The Comprehensive Center for Congenital Adrenal Hyperplasia, Institute for Pediatric Urology, Komansky Center for Children's Health, Department of Urology, New York-Presbyterian Hospital/Weill Cornell Medicine, New York, New York.
Division of Medical Genetics, Department of Pediatrics, New York-Presbyterian Hospital/Weill Cornell Medicine, New York, New York.
Ann N Y Acad Sci. 2017 Aug;1402(1):56-63. doi: 10.1111/nyas.13370. Epub 2017 Jun 22.
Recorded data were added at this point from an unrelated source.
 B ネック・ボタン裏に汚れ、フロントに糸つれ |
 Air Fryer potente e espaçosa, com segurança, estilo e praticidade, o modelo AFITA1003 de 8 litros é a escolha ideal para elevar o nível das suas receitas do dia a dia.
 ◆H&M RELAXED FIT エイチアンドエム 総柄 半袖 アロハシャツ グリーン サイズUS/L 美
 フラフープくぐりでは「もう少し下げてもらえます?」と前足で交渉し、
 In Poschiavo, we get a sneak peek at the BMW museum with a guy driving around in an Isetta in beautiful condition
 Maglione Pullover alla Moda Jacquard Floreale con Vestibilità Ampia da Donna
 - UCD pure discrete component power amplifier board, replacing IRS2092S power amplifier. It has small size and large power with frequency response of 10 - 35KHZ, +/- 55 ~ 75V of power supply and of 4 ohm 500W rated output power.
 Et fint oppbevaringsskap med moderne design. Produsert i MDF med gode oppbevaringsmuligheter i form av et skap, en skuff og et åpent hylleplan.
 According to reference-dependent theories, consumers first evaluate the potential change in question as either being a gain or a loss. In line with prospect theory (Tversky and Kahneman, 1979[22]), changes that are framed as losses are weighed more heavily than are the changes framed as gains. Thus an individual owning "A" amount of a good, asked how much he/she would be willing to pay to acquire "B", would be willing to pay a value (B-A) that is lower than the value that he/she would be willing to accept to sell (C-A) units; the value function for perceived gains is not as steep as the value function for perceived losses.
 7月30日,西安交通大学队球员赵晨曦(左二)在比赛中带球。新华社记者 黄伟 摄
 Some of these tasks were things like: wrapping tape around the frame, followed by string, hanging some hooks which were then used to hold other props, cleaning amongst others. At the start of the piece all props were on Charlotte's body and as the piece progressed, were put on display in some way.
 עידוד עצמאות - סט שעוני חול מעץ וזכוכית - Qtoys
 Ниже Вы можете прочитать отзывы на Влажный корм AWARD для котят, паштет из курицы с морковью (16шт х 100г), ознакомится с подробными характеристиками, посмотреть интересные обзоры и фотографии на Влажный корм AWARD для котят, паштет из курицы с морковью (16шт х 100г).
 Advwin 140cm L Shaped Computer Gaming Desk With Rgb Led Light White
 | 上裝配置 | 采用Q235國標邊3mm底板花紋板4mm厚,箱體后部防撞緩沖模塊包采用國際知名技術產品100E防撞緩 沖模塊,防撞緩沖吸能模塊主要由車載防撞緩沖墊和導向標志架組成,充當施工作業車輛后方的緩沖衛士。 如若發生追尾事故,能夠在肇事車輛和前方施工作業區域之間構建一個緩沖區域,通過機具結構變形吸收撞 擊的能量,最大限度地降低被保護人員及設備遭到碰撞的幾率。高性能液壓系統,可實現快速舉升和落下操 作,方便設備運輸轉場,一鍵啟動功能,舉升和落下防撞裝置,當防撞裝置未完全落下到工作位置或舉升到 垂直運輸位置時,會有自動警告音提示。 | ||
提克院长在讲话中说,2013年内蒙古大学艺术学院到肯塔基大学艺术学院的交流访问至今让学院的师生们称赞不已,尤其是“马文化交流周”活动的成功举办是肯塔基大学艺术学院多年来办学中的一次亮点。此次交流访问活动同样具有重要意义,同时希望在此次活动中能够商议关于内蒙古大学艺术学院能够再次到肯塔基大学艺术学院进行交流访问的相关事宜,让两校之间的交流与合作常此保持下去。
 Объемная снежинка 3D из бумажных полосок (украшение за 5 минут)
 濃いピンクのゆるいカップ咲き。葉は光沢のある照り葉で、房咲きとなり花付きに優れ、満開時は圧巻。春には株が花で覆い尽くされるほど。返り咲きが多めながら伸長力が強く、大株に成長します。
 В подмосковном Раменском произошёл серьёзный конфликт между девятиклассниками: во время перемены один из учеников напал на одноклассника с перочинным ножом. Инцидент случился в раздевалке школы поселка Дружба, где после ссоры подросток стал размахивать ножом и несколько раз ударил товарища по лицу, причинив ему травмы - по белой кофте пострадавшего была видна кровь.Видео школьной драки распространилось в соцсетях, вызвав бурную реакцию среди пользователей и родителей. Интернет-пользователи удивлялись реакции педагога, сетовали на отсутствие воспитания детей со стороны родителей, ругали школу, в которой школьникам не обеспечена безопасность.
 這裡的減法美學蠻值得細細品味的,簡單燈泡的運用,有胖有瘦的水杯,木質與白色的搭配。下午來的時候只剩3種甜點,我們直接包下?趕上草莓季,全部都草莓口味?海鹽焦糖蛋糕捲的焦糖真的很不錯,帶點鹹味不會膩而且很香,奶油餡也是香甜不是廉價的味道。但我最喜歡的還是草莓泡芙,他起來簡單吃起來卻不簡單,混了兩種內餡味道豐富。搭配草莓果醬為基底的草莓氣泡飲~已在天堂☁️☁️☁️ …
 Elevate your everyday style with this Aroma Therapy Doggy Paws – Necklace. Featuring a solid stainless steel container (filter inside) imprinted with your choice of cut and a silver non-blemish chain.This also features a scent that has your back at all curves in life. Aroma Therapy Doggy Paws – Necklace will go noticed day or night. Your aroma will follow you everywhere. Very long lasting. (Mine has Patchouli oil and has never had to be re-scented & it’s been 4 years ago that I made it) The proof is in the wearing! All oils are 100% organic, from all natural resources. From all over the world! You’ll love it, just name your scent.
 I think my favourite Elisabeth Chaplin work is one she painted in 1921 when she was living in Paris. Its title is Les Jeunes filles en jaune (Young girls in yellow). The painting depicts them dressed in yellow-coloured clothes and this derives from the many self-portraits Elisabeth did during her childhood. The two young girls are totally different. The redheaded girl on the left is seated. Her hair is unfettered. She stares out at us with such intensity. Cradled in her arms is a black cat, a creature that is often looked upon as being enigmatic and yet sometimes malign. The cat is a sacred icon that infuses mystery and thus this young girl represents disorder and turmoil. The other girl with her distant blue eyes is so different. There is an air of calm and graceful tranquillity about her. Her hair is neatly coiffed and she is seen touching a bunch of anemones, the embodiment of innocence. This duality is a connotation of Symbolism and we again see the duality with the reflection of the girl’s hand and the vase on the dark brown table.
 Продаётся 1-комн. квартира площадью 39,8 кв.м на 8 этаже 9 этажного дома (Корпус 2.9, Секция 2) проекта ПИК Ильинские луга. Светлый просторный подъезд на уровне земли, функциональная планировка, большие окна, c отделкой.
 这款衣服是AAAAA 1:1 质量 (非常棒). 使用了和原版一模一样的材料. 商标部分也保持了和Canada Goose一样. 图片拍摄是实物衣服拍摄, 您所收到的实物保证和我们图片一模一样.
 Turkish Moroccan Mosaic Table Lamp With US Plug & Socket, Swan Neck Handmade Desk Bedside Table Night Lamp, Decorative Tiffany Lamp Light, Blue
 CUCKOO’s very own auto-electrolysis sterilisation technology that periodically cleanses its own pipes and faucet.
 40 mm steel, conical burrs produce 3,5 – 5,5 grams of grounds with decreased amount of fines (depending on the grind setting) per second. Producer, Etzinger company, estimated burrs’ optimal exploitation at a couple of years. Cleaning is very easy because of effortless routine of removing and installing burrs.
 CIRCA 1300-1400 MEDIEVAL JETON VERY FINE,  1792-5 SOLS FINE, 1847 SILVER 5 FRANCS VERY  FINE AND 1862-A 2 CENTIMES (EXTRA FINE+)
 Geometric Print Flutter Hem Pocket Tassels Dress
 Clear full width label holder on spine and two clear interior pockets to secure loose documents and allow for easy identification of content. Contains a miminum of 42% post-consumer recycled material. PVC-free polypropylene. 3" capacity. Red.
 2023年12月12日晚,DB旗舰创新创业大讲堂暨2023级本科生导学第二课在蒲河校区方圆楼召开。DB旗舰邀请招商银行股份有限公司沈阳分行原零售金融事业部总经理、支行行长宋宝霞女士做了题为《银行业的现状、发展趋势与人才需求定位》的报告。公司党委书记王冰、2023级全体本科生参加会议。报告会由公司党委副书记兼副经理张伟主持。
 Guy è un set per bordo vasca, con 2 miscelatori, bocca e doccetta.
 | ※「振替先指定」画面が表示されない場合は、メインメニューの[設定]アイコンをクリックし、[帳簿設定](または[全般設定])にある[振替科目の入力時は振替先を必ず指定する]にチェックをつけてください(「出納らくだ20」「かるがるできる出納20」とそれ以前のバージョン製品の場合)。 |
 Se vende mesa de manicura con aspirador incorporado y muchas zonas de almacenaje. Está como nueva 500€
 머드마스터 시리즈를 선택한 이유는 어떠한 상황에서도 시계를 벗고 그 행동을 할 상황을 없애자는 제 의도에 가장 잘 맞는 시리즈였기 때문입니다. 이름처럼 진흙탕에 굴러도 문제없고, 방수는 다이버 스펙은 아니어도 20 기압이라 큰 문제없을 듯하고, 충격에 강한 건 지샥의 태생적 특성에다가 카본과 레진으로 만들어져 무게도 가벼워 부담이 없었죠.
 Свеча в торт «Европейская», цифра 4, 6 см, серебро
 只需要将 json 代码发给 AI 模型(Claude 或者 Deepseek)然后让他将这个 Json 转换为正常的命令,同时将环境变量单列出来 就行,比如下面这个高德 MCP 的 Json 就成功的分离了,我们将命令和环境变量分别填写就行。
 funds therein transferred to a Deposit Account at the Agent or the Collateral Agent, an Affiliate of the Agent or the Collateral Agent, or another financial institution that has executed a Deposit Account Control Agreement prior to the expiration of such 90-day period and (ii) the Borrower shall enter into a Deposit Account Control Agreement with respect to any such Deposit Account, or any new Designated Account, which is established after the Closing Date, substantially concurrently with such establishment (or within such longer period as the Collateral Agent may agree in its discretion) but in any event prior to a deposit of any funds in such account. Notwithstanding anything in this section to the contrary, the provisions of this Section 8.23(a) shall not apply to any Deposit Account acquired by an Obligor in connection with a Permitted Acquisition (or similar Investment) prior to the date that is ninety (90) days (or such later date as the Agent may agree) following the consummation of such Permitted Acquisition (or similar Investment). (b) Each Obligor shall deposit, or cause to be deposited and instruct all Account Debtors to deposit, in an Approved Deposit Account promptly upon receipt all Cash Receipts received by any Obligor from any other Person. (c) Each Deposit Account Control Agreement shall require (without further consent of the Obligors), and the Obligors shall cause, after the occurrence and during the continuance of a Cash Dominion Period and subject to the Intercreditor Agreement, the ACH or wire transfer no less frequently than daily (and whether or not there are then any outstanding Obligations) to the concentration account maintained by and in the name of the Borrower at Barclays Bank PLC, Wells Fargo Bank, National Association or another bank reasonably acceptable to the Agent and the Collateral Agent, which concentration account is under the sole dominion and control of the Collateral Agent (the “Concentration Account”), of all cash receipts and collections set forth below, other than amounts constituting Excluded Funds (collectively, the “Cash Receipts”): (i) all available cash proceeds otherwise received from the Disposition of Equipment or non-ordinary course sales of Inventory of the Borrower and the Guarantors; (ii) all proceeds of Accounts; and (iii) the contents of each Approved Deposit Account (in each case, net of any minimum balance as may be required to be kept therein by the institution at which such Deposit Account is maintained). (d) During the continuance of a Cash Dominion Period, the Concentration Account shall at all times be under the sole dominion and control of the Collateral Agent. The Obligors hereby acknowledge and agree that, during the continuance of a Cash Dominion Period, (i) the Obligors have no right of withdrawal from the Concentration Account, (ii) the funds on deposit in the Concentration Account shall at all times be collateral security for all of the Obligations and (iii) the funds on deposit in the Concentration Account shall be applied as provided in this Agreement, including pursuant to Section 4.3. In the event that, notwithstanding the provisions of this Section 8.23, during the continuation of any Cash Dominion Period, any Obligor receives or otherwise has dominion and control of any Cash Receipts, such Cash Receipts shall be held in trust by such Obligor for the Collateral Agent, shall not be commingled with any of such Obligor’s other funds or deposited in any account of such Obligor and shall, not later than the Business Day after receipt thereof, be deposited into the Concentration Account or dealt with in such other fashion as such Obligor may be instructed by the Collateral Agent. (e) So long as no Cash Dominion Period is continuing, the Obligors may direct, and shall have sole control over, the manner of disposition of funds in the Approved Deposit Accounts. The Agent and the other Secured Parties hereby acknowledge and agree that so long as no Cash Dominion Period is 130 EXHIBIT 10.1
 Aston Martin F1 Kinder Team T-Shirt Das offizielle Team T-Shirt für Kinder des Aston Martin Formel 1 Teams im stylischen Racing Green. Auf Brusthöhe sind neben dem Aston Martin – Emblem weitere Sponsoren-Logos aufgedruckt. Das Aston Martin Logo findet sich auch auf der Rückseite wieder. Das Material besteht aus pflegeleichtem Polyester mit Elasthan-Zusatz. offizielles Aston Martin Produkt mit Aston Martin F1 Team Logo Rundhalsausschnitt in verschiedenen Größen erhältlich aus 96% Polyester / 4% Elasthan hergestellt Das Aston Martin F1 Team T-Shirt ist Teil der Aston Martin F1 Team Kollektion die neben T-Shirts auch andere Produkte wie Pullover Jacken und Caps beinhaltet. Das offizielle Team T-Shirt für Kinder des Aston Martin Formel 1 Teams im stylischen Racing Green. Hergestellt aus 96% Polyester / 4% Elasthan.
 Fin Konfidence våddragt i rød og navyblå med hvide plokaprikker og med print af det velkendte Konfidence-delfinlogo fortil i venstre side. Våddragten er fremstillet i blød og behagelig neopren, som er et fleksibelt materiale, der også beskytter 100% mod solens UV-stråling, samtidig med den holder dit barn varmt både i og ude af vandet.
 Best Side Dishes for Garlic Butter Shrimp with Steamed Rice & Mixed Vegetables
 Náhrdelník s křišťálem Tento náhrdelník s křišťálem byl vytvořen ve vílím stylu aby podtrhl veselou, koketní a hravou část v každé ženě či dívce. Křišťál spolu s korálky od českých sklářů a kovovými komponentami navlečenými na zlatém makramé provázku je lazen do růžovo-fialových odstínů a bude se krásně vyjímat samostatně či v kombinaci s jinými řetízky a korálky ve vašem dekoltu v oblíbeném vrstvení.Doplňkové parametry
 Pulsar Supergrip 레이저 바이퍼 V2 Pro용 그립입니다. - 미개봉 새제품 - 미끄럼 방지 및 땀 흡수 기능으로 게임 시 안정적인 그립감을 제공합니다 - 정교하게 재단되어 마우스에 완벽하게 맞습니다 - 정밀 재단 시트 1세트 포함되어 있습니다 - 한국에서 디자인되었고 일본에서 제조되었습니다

Mutations of CYP21A2 variably decrease 21-hydroxylase activity and result in a spectrum of disease expressions in patients with congenital adrenal hyperplasia (CAH). We examined the association between CYP21A2 mutations and virilization (Prader score) in females with CAH. The study population included 187 CAH females with fully characterized CYP21A2 mutations. One hundred fifty-eight patients were sorted into groups by expected enzyme activity (percent of normal activity) of the less severely affected allele: (A) null, 0%; (B) I2G, 1%; (C) I172N, 2%; and (D) V281L, >2%. We observed an inverse relationship between virilization and residual enzyme activity (P < 0.001). Subjects in group A or B had a significantly higher likelihood (unadjusted odds ratio: 16; P < 0.001) of developing severe virilization compared with those in group C. Surprisingly, 24% of group D patients, whose mutation is usually associated with nonclassical (NC) CAH, had severe virilization. Among subjects with the NC P30L mutation, 66% expressed unexpected virilization. Virilization, usually leading to extensive reconstructive surgery, is highly likely in patients with null or I2G mutations; however, NC mutations (P30L/V281L) may also lead to unexpected virilization. These findings have implications for prenatal counseling and highlight the need for additional investigations into other factors that influence virilization in CAH.
CYP21A2 突变可不同程度地降低 21-羟化酶的活性,导致先天性肾上腺皮质增生症(CAH)患者出现一系列疾病表现。我们研究了 CYP21A2 突变与 CAH 女性患者的男性化(Prader 评分)之间的关系。研究人群包括 187 名具有完全特征性 CYP21A2 突变的 CAH 女性患者。158 名患者根据受影响较轻等位基因的预期酶活性(正常活性的百分比)分为以下几组:(A)无功能,0%;(B)I2G,1%;(C)I172N,2%;和(D)V281L,>2%。我们观察到男性化与残留酶活性之间呈负相关(P<0.001)。与 C 组相比,A 组或 B 组的患者发生严重男性化的可能性显著更高(未经调整的优势比:16;P<0.001)。令人惊讶的是,24%的 D 组患者,其突变通常与非经典(NC)CAH 相关,发生严重男性化。在具有 NC P30L 突变的患者中,66%表现出意外的男性化。男性化通常导致广泛的重建手术,在无功能或 I2G 突变的患者中极有可能发生;然而,NC 突变(P30L/V281L)也可能导致意外的男性化。这些发现对产前咨询具有重要意义,并强调需要进一步研究影响 CAH 男性化的其他因素。